“I really hate this world and so when I make something I’m making something I can bear to live in.”
Porpentine Charity Heartscape
Although she has designed highly regarded games for years, the first Porpentine Charity Heartscape piece I really spent time with was her novella Psycho Nymph Exile (2016), which the artist has described as “a post-anime sapphic gurowave trauma-romance.”
The book chronicles the love affair between a disgraced biomech pilot and an ex-“magical girl” robbed of her former powers, and focuses on their shared struggle with a fictional illness called DTSP, reminiscent of PTSD. While the plot is familiar – two outcasts abandoned by society make their own world in exile – Psycho Nymph Exile’s morphology is anything but. Its only stable, expressive component is unrelenting intensity, where pleasure, melancholy, and horror are all haphazardly grafted together. The text’s built-in features hybridize with its bugs, so that fate looks like an accident and vice versa – guiding axioms and world structures dematerialize as quickly as they spore in unpredictable new directions.
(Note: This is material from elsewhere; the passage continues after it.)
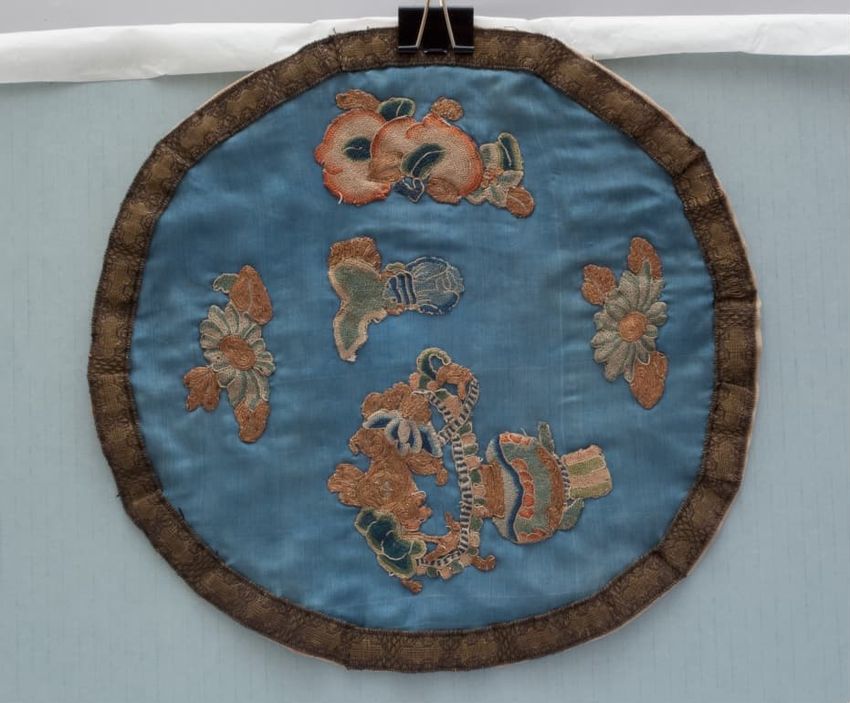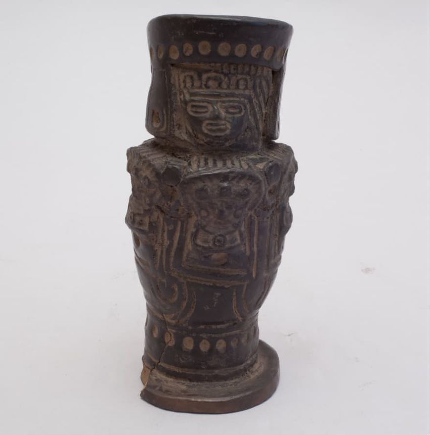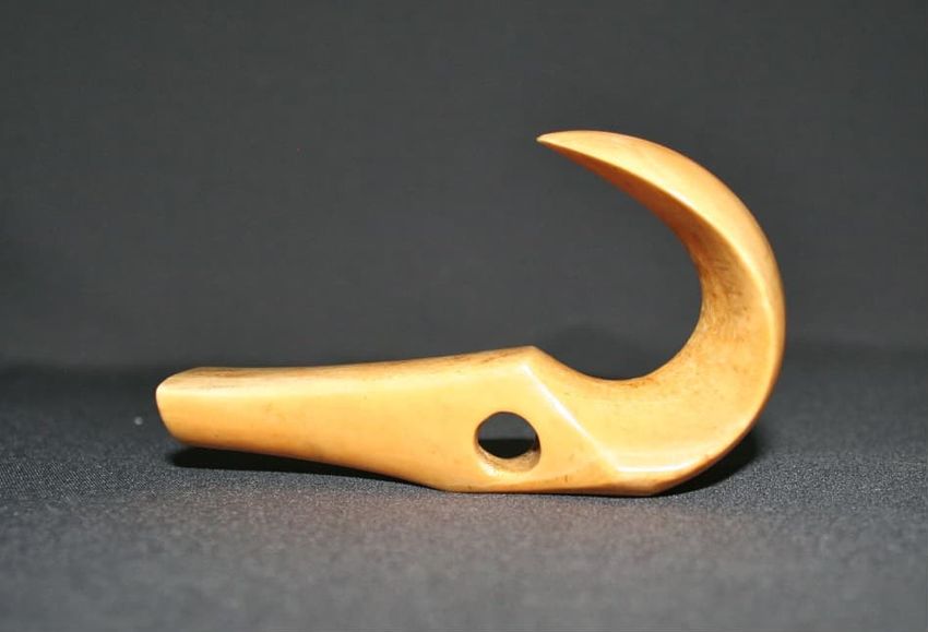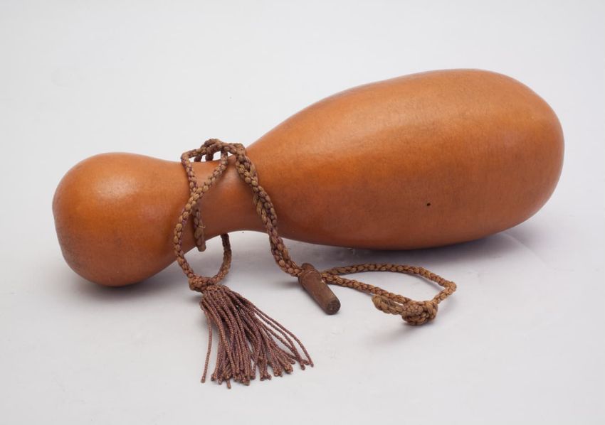 Decorated hair comb, or faa, from the Solomon Islands. The body and teeth are made from split sections of the tree fern, and the top and mid-section are intricately decorated with plaited black, natural and red plant fibers. A red resin covers portions of the comb. Faa are worn only by men.

Because my connection to the book was so personal – it resonated with some of my most sensitive pleasure and horror zones – I wasn’t sure how Porpentine’s work would translate in the context of the Whitney Biennial, where she has installed a net cafe-style space featuring seven of her interactive hypertext games. But playing her choose-your-own-adventure game With Those We Love Alive (2014) for a standing audience – it’s the only piece in her exhibit projected onto a wall – facilitated a complex process of emotional excavation.
The plot guides players to appease an evil empress and reconnect with what might be only the mere spectre of a friend by slowly clicking through simple arrangements of text against a luminescent background. Coupled with Neotenomie’s gorgeous, somnolent score, the text-based game creates an intimate space for players to explore their vulnerabilities in relation to desire and power by engaging with themes such as shame, “the chasm,” and burial.
The audience’s presence in the installation led me to approach it as communal role-playing therapy, performing my relationship with myself for the onlookers through the decisions I made in the game – it defamiliarized the feelings that constitute my everyday practice of living, throwing into relief their underlying structure in a process that was unsettling, moving, and altogether strange.